Wednesday, October 24, 2007

The importance of a rapid compile/build/test cycle

So this is strictly a software engineering topic; but the fact that I am dealing with an extremely long compile/build/test cycle means that I have plenty of time to post to this and probably my other blog today.

Just as some people say 'you can't be too thin or too rich' (I'm neither); the computer a software engineer uses cannot be too fast (or have too much disk space or memory for that matter). For normal programming I use Eclipse and have learned to use it well enough to maintain a pretty short time between making a change and testing the results of it. For Java, Eclipse checks my syntax as I go, sort of like this editor checks words that are mispeled [sic]; underlining mistakes in red and listing all compiler errors and warnings. In same cases I can run unit tests within Eclipse and get results in a few seconds. For other things I might need to run an actual ant build, but that is usually well less than 20 seconds - even a clean build is done in a minute.

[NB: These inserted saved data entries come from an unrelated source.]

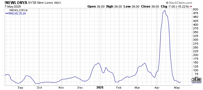 The ten-day moving average of stocks making new lows did tick up for both Nasdaq and the NYSE. That’s normal, but you do not want to see them rising with any gusto as we head into that intermediate term overbought condition.
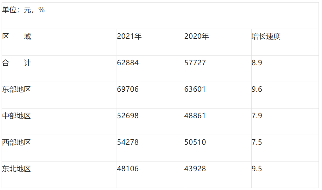 分區(qū)域看,東部地區(qū)年平均工資和增速均最高,年平均工資為124019元,同比增長(zhǎng)10.4%,增速比2020年提高了2.4個(gè)百分點(diǎn);中部地區(qū)年平均工資為85533元,同比增長(zhǎng)9.4%,增速比2020年提高了3.0個(gè)百分點(diǎn);西部地區(qū)年平均工資為94964元,同比增長(zhǎng)7.9%,增速比2020年提高了0.5個(gè)百分點(diǎn);東北地區(qū)年平均工資為83575元,同比增長(zhǎng)7.7%,增速比2020年下降了0.5個(gè)百分點(diǎn)。最高和最低地區(qū)的平均工資之比為1.48,比上年擴(kuò)大0.03。
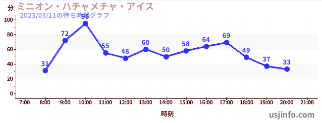 • ミニオン・ハチャメチャ・アイス$B$N(B2023年03月11日の待ち時間
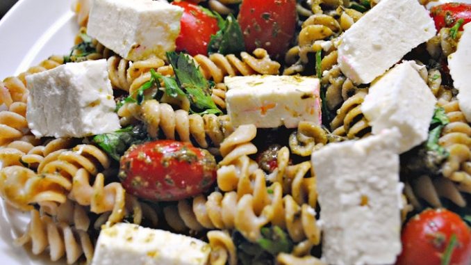 Mettere in una terrina i fusilli e condirli con un filo d’olio; unire i pomodorini, la rucola lavata, asciugata e spezzettata, le olive, il sedano tritato grossolanamente e la feta sbriciolata. Mescolare e condire ancora con un filo d’olio, se necessario. Lasciare insaporire al fresco per circa 15 minuti e servire.
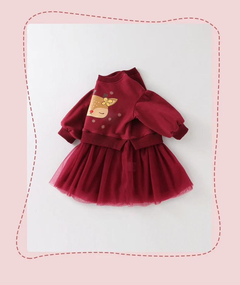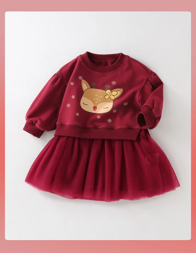 Charm in Every Stitch: Crafted with meticulous attention to detail, this dress features a delightful Princess Deer Cartoon design that adds a touch of whimsy to your child's attire. The vibrant red color exudes energy, making it perfect for both casual and semi-formal occasions.

However, today we are preparing for a new 'total' build and I need to make and test a change in the InstallShield script. We used to have a build engineer to do this but he left about a year ago and I haven't been given the means to replace him. This particular fix involves updating our software which InstallShield determines based on the GUID of the previous install. If I forget to update the GUID before I build I don't hit the code I want. Of course the build takes over 10 minutes; and if you forget to change the GUID (like I just did), it can take about a half hour between the time you make the change and the time you 'test' it. Testing is actually doing the install which takes at least 5 - 10 minutes (even thought I'm skipping as much as I can). Thus I spent all morning and will probably spend the rest of the day implementing something that probably represents a half-an-hour actual coding time. Although I could theoretically multitask, my past experience shows this to be usually counter productive.

If I thought I would be doing a bunch more InstallShield work , I could create some test environment but at this point that would take longer than to finish the thing I'm working on. AND I don't need InstallShield for my resume - I need a build engineer! 'cause once I finish this, I will actually do the build which is another long (and boring) task.